Bearing in mind the difficulties recently faced by the Spanish anarchists in the Spanish Revolution and Civil War, at the beginning of the Second World War Herbert Read warned against the revolutionary seizure of power, instead looking forward to “a spontaneous and universal insurrection” (Volume Two, Selection 1), but one which would employ nonviolent methods, for people “cannot struggle against” the modern state, armed with atomic bombs, “on the plane of force… Our action must be piecemeal, non-violent, insidious and universally pervasive” (Volume Two, Selection 36). Alex Comfort took a similar position, arguing that the “very states which are able to make and use atomic weapons are singularly vulnerable, by their very complexity, to the attacks of individual disobedience” (Volume Two, Selection 12).

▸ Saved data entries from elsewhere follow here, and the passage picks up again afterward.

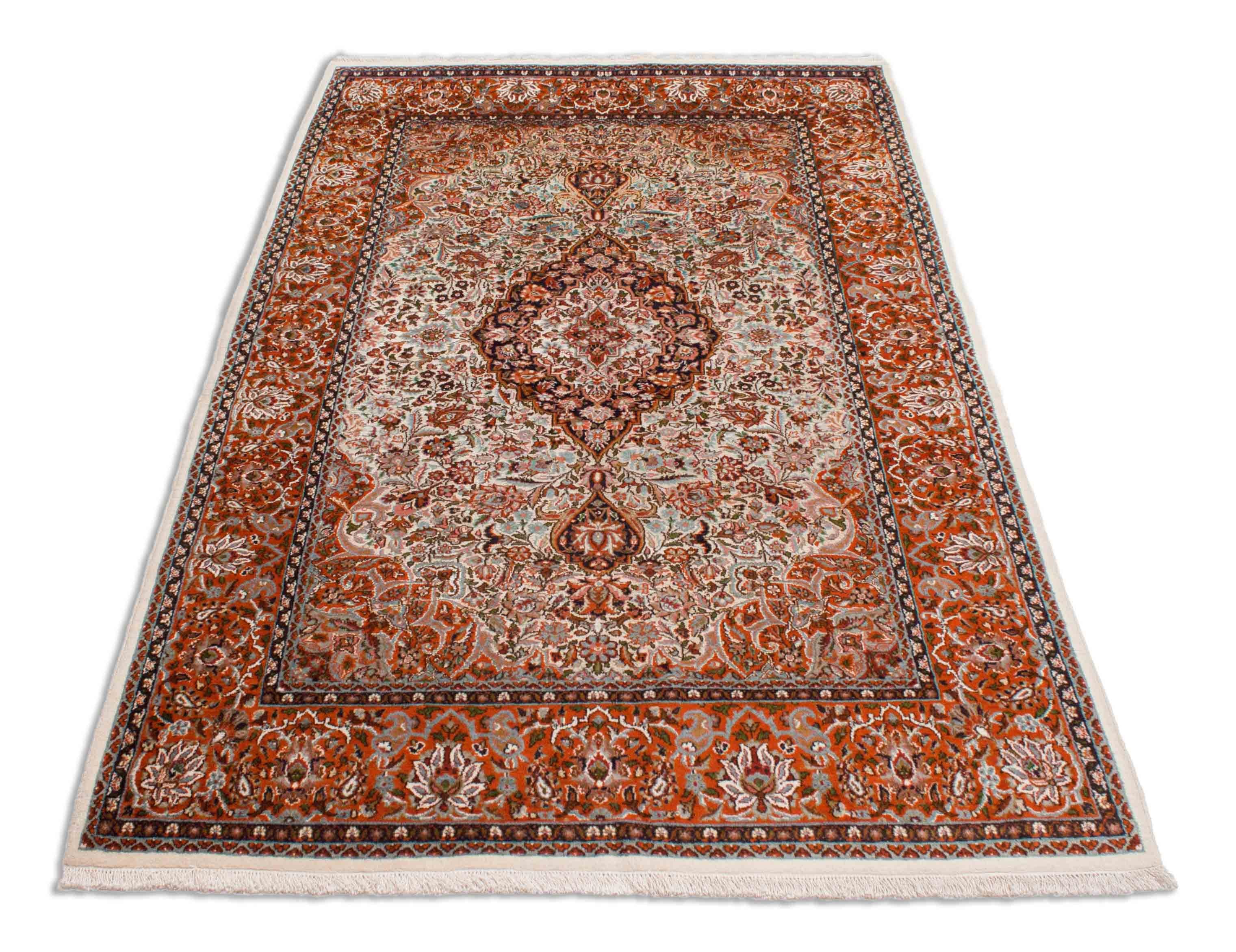 Le Flor de ce tapis en cachemire a été fait de haute qualité laine vierge fait main. Des détails de motif individuels ont également été mis en évidence par le gloss de coton mercerisé.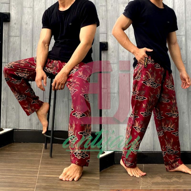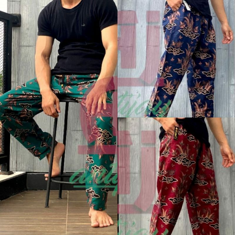 Celana Panjang Kolor Harian | Celana Batik Boim Santai Dewasa Pria Wanita Adem Motif Megamendung Warna Merah Biru Bahan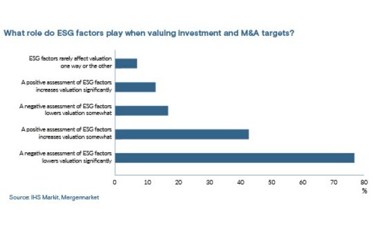 The notion is sketched out to some extent in a survey by Mergermarket, AVCJ's sister publication, and UK-based researcher IHS Markit. When asked how ESG would influence their valuation of an M&A target, only 13% of investors and corporations said a positive assessment would lift the valuation significantly. However, 77% said negative ESG would significantly lower the target valuation.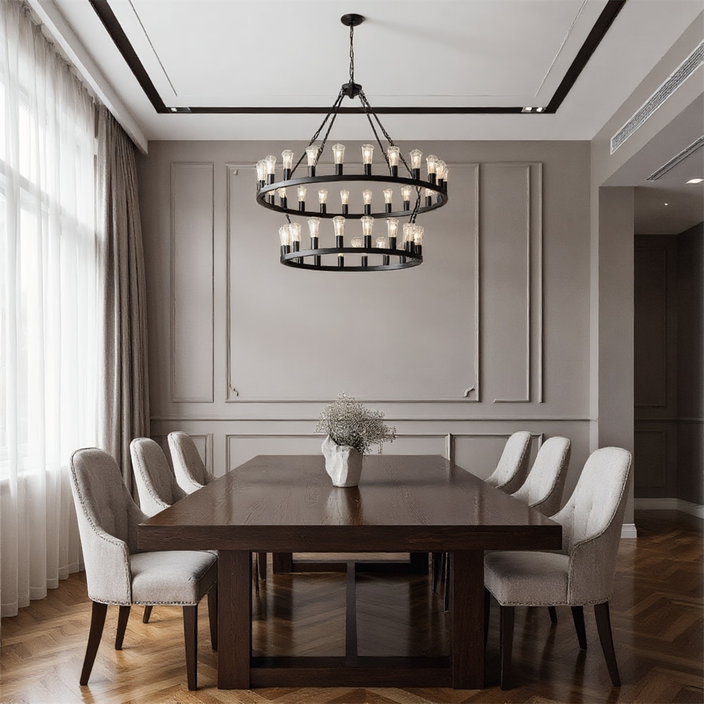 47.24" Matte Black Wagon Wheel Chandelier With 36-Lights (No Bulbs)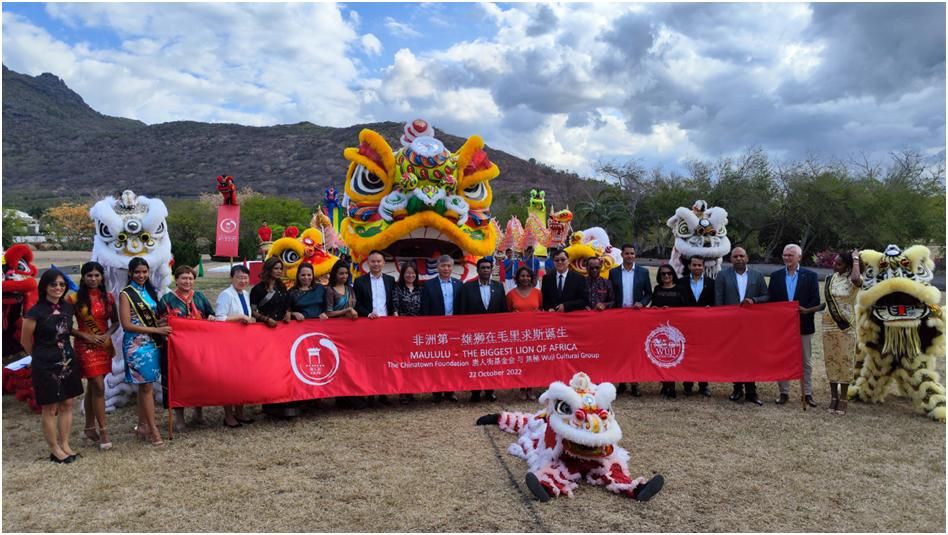 2022年10月22日,非洲雄狮“MAULULU”(巨型舞狮)在毛里求斯怡海智慧城诞生。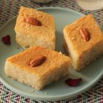 Prepare Basbousa cake with semolina & almonds:

Paul Goodman described this process as “Drawing the Line, beyond which [we] cannot cooperate.” But although we “draw the line in their conditions; we proceed on our conditions,” replacing “the habit of coercion [with] a habit of freedom… Our action must be aimed, not at a future establishment; but… at fraternal arrangements today, progressively incorporating more and more of the social functions into our free society,” for the creation of a “free society cannot be the substitution of a ‘new order’ for the old order; it is the extension of spheres of free action until they make up most of the social life” (Volume Two, Selection 11).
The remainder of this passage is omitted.